Ingest pipelines in Elasticsearch - Time & Space Complexity
When using ingest pipelines in Elasticsearch, it's important to know how the processing time changes as more data flows through.
We want to understand how the pipeline's steps affect the total time taken as input size grows.
Analyze the time complexity of this ingest pipeline configuration.
PUT _ingest/pipeline/sample_pipeline
{
"processors": [
{ "set": { "field": "field1", "value": "value1" } },
{ "uppercase": { "field": "field2" } },
{ "rename": { "field": "field3", "target_field": "field3_renamed" } }
]
}
This pipeline applies three processors in order to each document that passes through it.
Each document goes through all processors one after another.
- Primary operation: Sequential processing of each document by all processors.
- How many times: Once per document, for each processor.
As the number of documents increases, the total processing time grows proportionally.
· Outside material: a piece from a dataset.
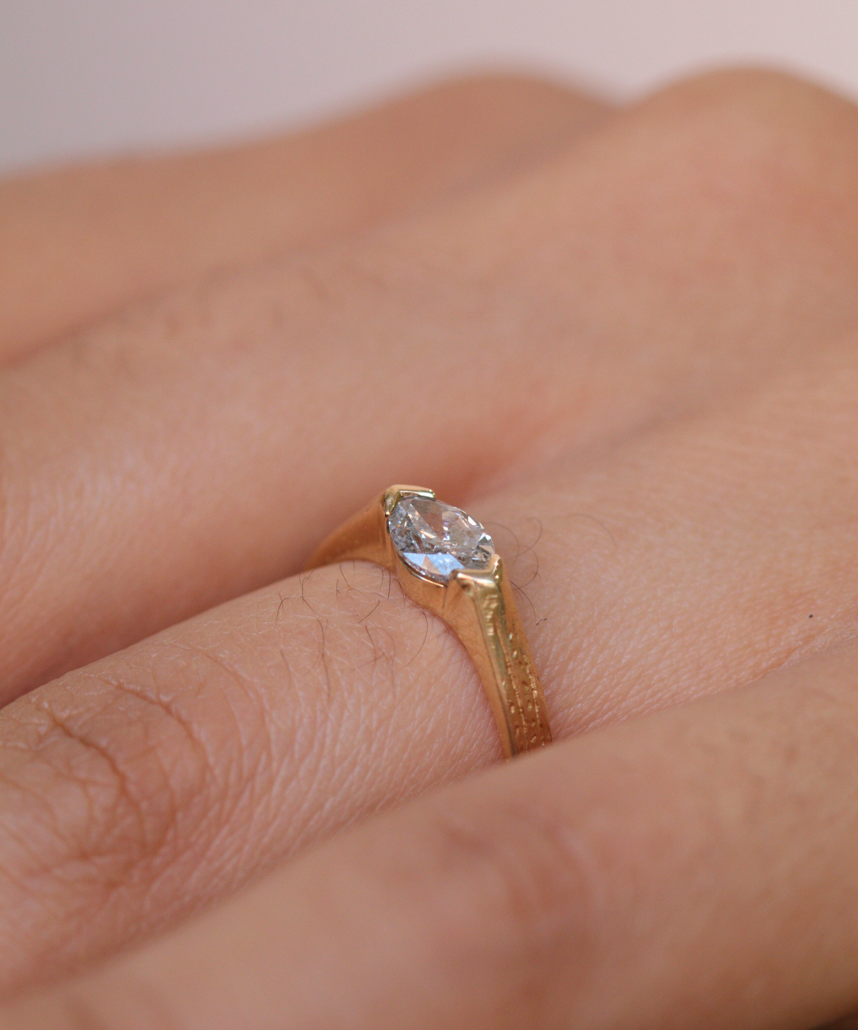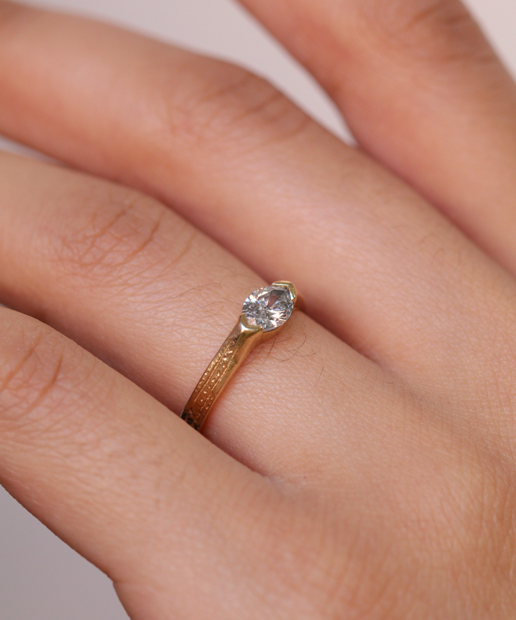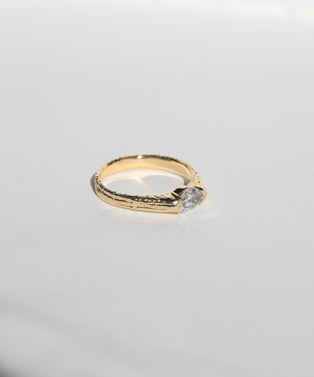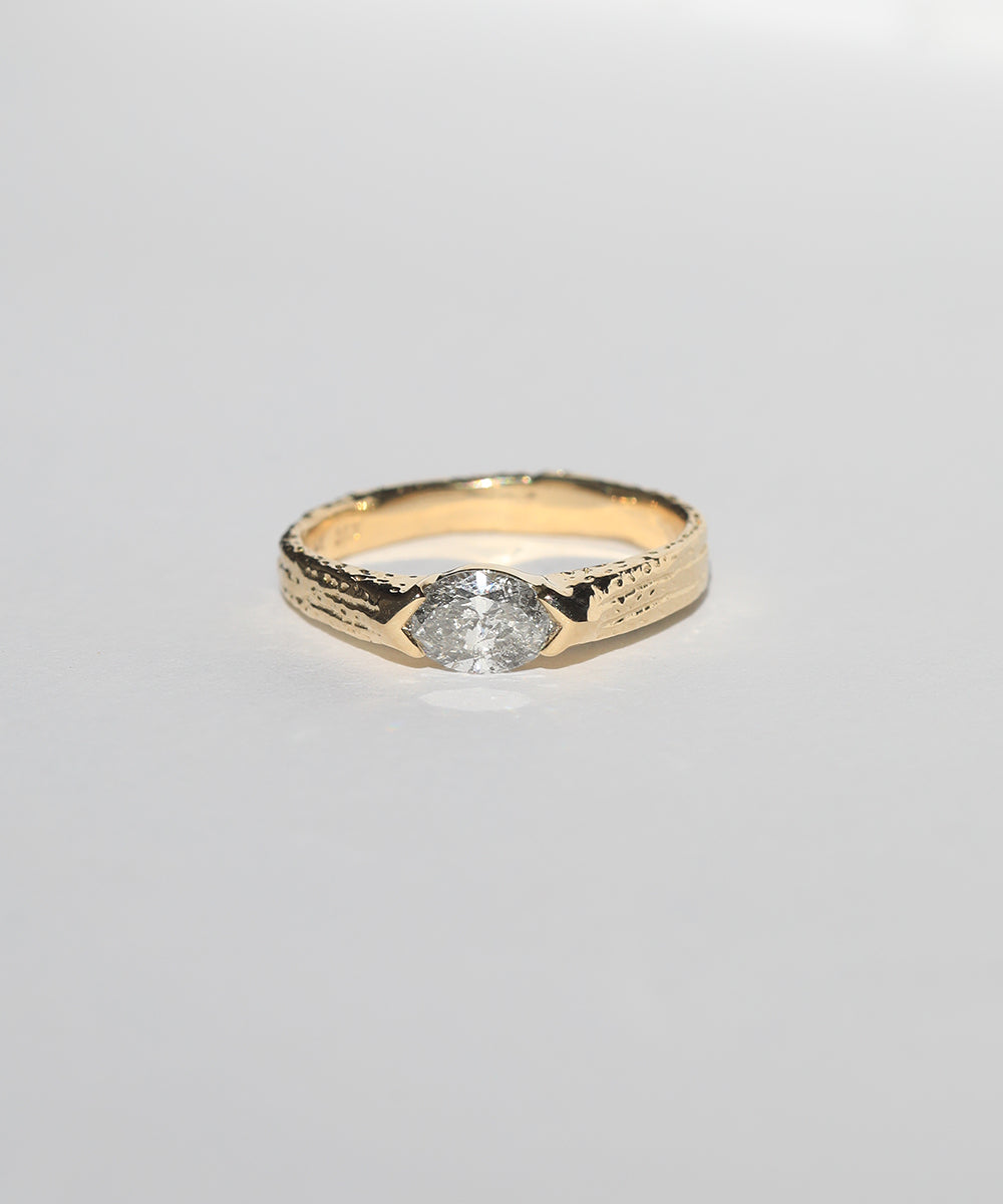 A Salt & Pepper marquise shaped diamond set onto a textural band with an ancient bohemian feel. View more of our foxtail collection here.

| Input Size (n) | Approx. Operations |
|---|---|
| 10 | 30 (10 docs x 3 processors) |
| 100 | 300 (100 docs x 3 processors) |
| 1000 | 3000 (1000 docs x 3 processors) |
Pattern observation: The total work grows directly with the number of documents.
Time Complexity: O(n)
This means the processing time increases in a straight line as more documents are ingested.
[X] Wrong: "Adding more processors won't affect the time much because they run fast."
[OK] Correct: Each processor adds work for every document, so more processors multiply the total time.
Understanding how ingest pipelines scale helps you design efficient data flows and shows you can think about performance in real systems.
What if we added a processor that loops inside itself for each document? How would the time complexity change?